• [Material for the task]
——

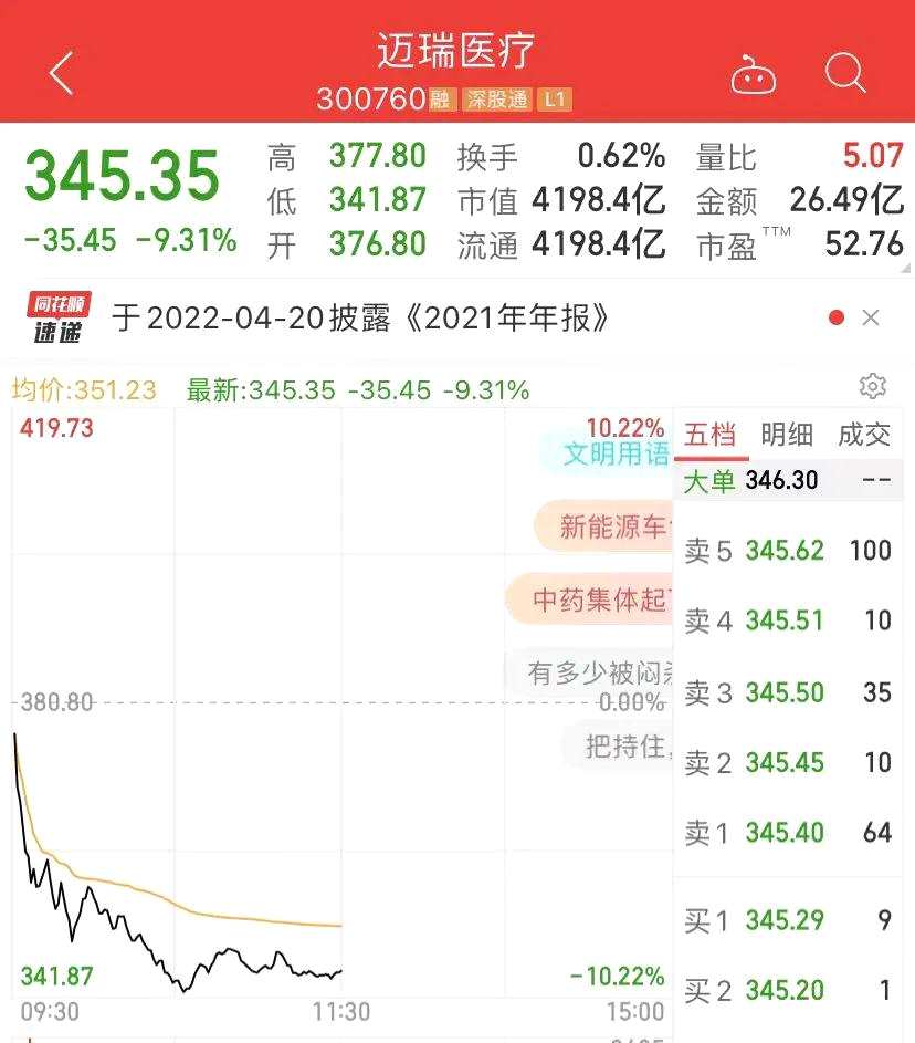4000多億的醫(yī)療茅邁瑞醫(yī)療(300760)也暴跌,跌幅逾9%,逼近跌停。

——

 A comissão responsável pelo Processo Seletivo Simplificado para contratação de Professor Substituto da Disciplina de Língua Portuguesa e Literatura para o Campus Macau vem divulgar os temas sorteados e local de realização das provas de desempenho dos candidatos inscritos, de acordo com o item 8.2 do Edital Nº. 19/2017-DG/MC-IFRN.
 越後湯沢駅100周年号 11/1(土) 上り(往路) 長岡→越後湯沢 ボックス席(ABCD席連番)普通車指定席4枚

——

• [Exercise directions]
Could you reproduce exactly the lines of the entries above, from the one with "A comissão responsável" through the one with "越後湯沢駅100周年号 11/1(土) 上り(往路)", and nothing else?

• [Written response]
 A comissão responsável pelo Processo Seletivo Simplificado para contratação de Professor Substituto da Disciplina de Língua Portuguesa e Literatura para o Campus Macau vem divulgar os temas sorteados e local de realização das provas de desempenho dos candidatos inscritos, de acordo com o item 8.2 do Edital Nº. 19/2017-DG/MC-IFRN.
 越後湯沢駅100周年号 11/1(土) 上り(往路) 長岡→越後湯沢 ボックス席(ABCD席連番)普通車指定席4枚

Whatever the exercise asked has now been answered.